Fermont L, Wertheimer J, Batisse A, Bical O, Sidi D, Piéchaud J F, Kachaner J
Arch Fr Pediatr. 1982 Jun-Jul;39(6):359-66.
Interruption of the aortic arch, associated with curable cardiovascular anomalies (8 times out of 10) was observed over a period of 8 years in 50 children aged less than 10 days in 80% of cases. They presented with congestive heart failure, with variable degree of shock in most cases, suggesting the diagnoses of left ventricular hypoplasia or coarctation syndrome. Diagnosis was established with ultrasound and angiocardiography. Evolution was lethal in 21 children who were not operated on. 20 children were operated on: before treatment with prostaglandin E1, 9 attempts ended up in 78% immediate mortality and 89% global mortality; after treatment with prostaglandin. E1, these figures were respectively reduced to 45% and 55% (20 cases). This malformation should therefore be recognized as an emergency and then treated with prostaglandin up to surgery.

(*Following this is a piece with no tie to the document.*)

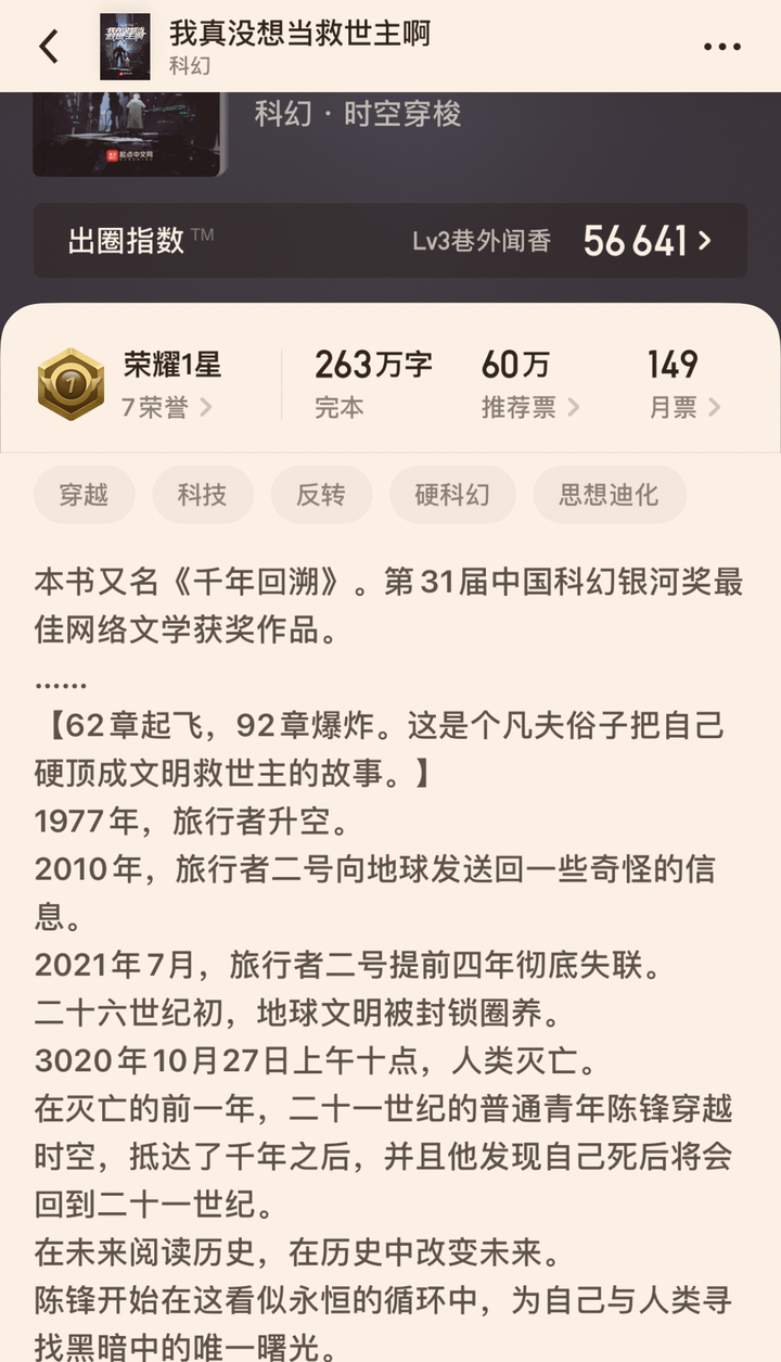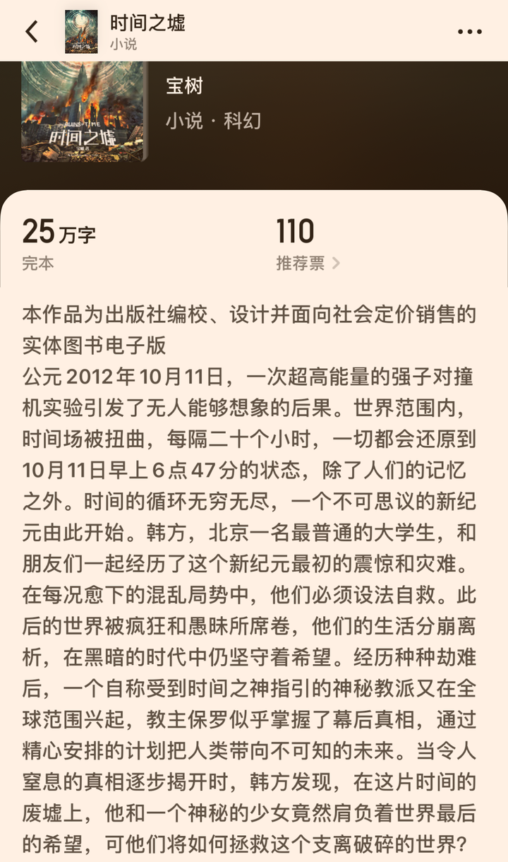 原答(还有一本我忘记名字了……讲的是主角玩游戏,游戏里的东西和角色可以具现现实的,印象深刻的是出现在现实世界的“登山的”女修仙者以及帽子?有记得的麻烦告诉我~谢谢) 更新:经网友提醒,是这本!!!节奏还是不错的,描写某个家族的精神传承时燃到我了。 19.《时间之墟》 |

在8年的时间里,对50名10日龄以下的儿童进行观察,发现80%的病例中存在与可治愈的心血管异常相关的主动脉弓中断(十分之八)。他们表现为充血性心力衰竭,大多数病例伴有不同程度的休克,提示诊断为左心室发育不全或缩窄综合征。通过超声心动图和心血管造影术确诊。21名未接受手术的儿童病情进展致命。20名儿童接受了手术:在使用前列腺素E1治疗前,9次手术尝试的即时死亡率为78%,总体死亡率为89%;使用前列腺素E1治疗后,这些数字分别降至45%和55%(20例)。因此,这种畸形应被视为紧急情况,然后在手术前使用前列腺素进行治疗。